Kingfisher to use own resources for revival

27th October 2012 10:15 AM

Chief Executive Officer of now grounded Kingfisher Airlines, Sanjay Aggarwal on Friday met Director General of Civil Aviation, Arun Mishra to apprise him about the revival plans of the airline.

Coming out after a 30-minute meeting with DGCA, Aggarwal said, “It was a general meeting to get a better understanding about presenting the revival plan of the airline. We will get back to them very soon.”

Aggarwal said the airline had not submitted a revival plan as yet but would do that soon. He also hinted that the airline would use its own resources to fund its revival.

“No time-frame has been specified,” the Kingfisher CEO said on being asked if DGCA had put a deadline for the submission of a revival plan. He also did not speak about when DGCA was planning to revoke the airlines’ suspended licence.

Sources within the airline said that the top management of the carrier will put their heads together from today to thrash out a revival plan soon. “This would include the number of aircraft they have, the routes they want to operate on, apart from financial issues including debt repayment,” the sources said adding they would have to submit a comprehensive plan on all these issues to convince DGCA to revoke suspension of their flying permit.

But resumption of Kingfisher’s flights may take at least 3-4 weeks as the airline would have to satisfy DGCA on safety issues as well as the viability of their financial and operational plans.

Regarding the proposed revival plan of the airline experts feel that the airline will face a lot of headwinds as any revival at this point in time would cost as much as $1 billion.

Kingfisher Airline’s licence was suspended by DGCA on October 20 as it failed to convince the aviation regulator with a credible revival plan and had also not ironed out issues regarding payment of overdue wages to its employees.

However, the airline on Thursday paid a part of the salaries to its employees after which they agreed to report back to work. The airline still owes about six month salaries to its employees.

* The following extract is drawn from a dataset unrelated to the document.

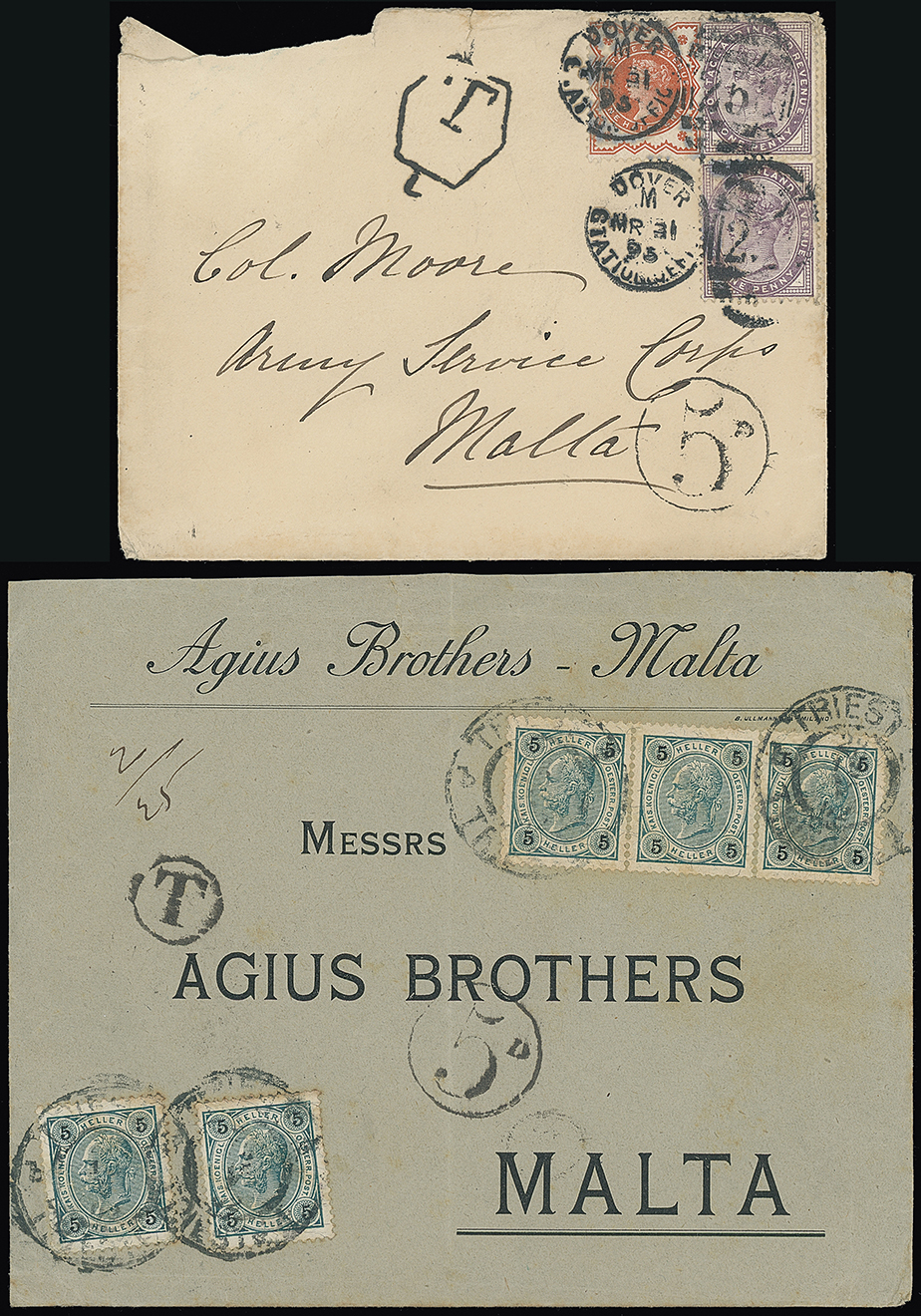 335 c, entire, etc. imageMalta: Straight Line Postage Due Marks on Inward Mail: 1895 (Mar. 21) torn envelope franked G.B. 1d. lilac pair and 1/2d. tied by Dover c.d.s. and with hexagonal “T” mark and 1902 (Dec. 27) printed envelope (with contents) franked Austria 5h. (5) tied by Trieste c.d.s. with circular “T” mark and both with circular “5D” postage due marks applied in Malta. (2 items) (Image1)

Kingfisher employees have now resumed work after a 27-day strike and a 25-day lockout that was lifted by the management as it agreed to pay by December-end, four months salary dues to the employees in a staggered manner.

The striking employees had earlier stepped up the heat demanding an immediate settlement while threatening to take their protest to the upcoming Formula One Grand Prix in which airline promoter Vijay Mallya owns a substantial stake in Sahara Force India racing team.

The carrier, which had a fleet of 66 aircraft last year, now has 10 — seven airbus A-320s and three ATR turbo-props. It is saddled with a loss of Rs 8,000 crore and a debt burden of another over Rs 7,524 crore a large part of which has not been serviced since January.